Details
- Promotion: Juggalo Championship Wrestling
- Date established: October 30, 2024
- Current champion: Dani Mo
- Date won: May 24, 2026

Statistics
- First champion: Dani Mo
- Most reigns: 2 reigns: Alice Crowley; Dani Mo;
- Longest reign: Haley J (183 days)
- Shortest reign: Alice Crowley (2nd reign, 28 days)
- Oldest champion: J-Rod (33 years, 189 days)
- Youngest champion: Alice Crowley (22 years, 157 days)
- Heaviest champion: J-Rod (161 lb (73 kg))
- Lightest champion: Haley J (124 lb (56 kg))
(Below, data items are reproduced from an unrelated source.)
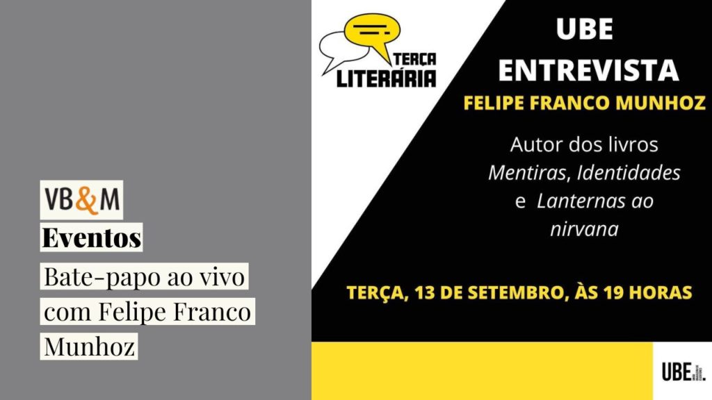 Daqui a pouquinho, às 19h, Felipe Franco Munhoz participará do Terças Literárias da UBE, União Brasileira dos Escritores. A conversa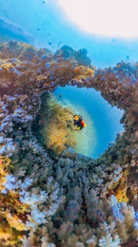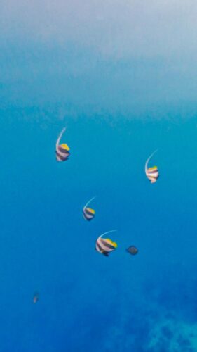 La vida a bordo tiene un ritmo propio, y lo curioso es lo rápido que te adaptas. Los días empiezan temprano, con la primera luz entrando por la escotilla y el mar completamente en calma. Café, algo ligero y, para quien bucea, la primera inmersión del día. El resto puede quedarse en cubierta, mirando cómo el sol termina de levantarse o saltar al agua con máscara y tubo. No hay prisas ni estrés: cada actividad parece suceder de forma natural.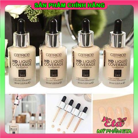 Kem nền kiềm dầu Catrice HD 24h Liquid Coverage Foundation che phủ hoàn hảo 30ml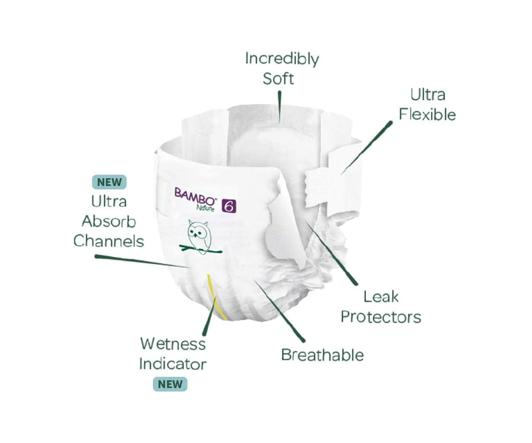 Perfect for eco-conscious parents who want top-tier performance and gentle care, Bambo Nature Eco Nappies are a sustainable choice you can trust.

= JCW Women's Championship =

Women's professional wrestling championship

The JCW Women's Championship is a women's professional wrestling championship in Juggalo Championship Wrestling (JCW). The current champion is Dani Mo, who is in her second reign. She won the title by defeating J-Rod in a ladder match on the June 18, 2026, episode of Lunacy. The event was taped on May 24.

==Reigns==
As of , , there have been six reigns among four champions. Dani Mo was the inaugural champion. Mo and Alice Crowley are tied for the most reigns at two. Haley J has the longest reign at 183 days, but Mo's first reign is officially recognized as the longest reign at 211 days. Crowley's second reign is the shortest at 28 days (officially recognized as nine days). J-Rod is the oldest champion, who won the title at 33 years and 188 days old, while Crowley is the youngest champion, who won the title at 22 years and 157 days old.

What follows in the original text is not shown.